SEPTEMBER 9 - OCTOBER 23, 2016
Opening Reception: Friday, September 9, 6pm - 9pm
The double exhibition reflects upon the complexities of the natural world and human nature. In their distinct personal language both projects bear conceptual similarities where both artists creatively investigate the key issues of the modern life on our planet.
Julian Montague: Landscape FeatureS
In Landscape Features, Julian Montague depicts the geological features and events that shape the physical landscape of the earth engaging the viewers in rethinking our current global conditions that clearly are not as simple as portrayed in the paintings. In their simplicity and stillness the images are meant to evoke the very slow, very long march of geological time. The static quality of the landscapes are inspired by Japanese ukiyo-e prints as well as the background landscapes found in cartoons and comic books. As with Montague's past work, there is an interest in exploring the way in which language shapes our perception of the world. The text on each piece labels the isolated feature, some of the terms are technically specific (glacial erratic, cuesta, drumlin) others are more general (summit, coast, horizon). The terms that describe the features, like the features themselves, overlap one another. The combination of the text and the isolated element ask us to question the limits of our ability to subdivide the physical world into discrete categories.

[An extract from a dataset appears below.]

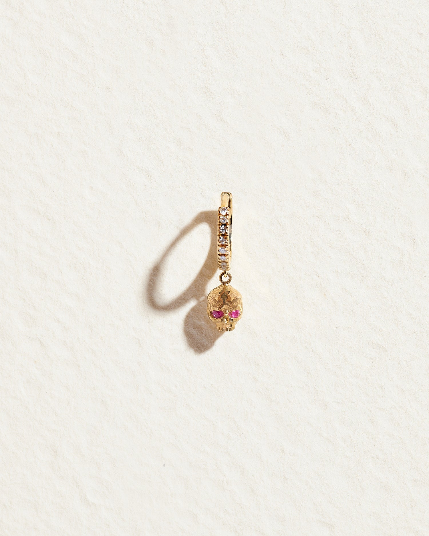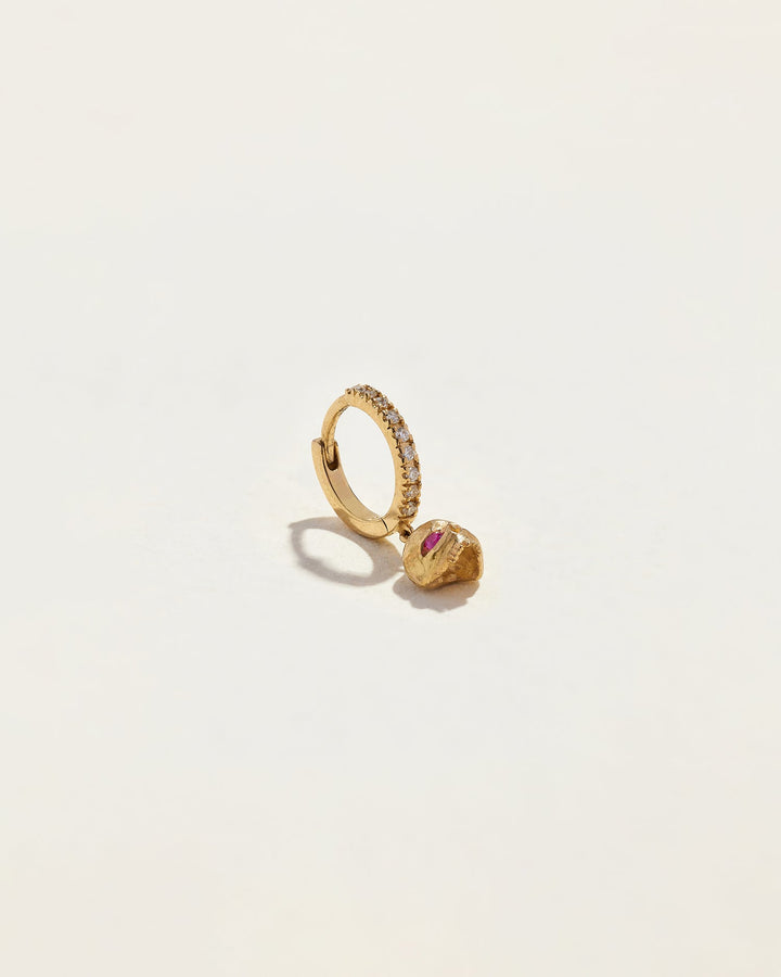 This Pavé Memento Mori Huggie by Pamela Love combines the elegance of pavé diamonds with the rebellious edge of a skull motif. A petite hand-carved skull with fiery ruby eyes dangles from a 14k gold huggie lined with pavé diamonds, making for a striking and symbolic piece. Sold as a single.

Alicia Ross: The Distress of Uncertainty
In The Distress of Uncertainty, Alicia Ross weaves a complex narrative with penetrating explorations into the conflict between external societal pressures and internal dialog relating to the physical body and its connection to identity and sexuality. A skin-toned palette of stitched fibers presented on canvas embraces an intersection between hand-made domestic object and figurative painting. Individual female nude images are curated from online locales and then translated into embroideries comprised of stitches resembling skin, veins and tissue. Removed from their original context, these dislocated bodies are manipulated and abstracted into various states of fragmentation. In what are reminiscent of provocative poses, bodies open and divide giving way to a more dissected view of the body. The abstracted female forms made up of thread and fibers are supported, not only by the figures' arms and hands, but also by isolated threads reading as "connective tissue" between masses. The line is blurred between bodies that struggle to hold themselves together and ones that depict the reconstruction of one's self. The distressed and fragmented appearance of the embroidered female forms materializes pressures placed on the physical body, and thus explores the resulting complexes from those competing internal and external strains.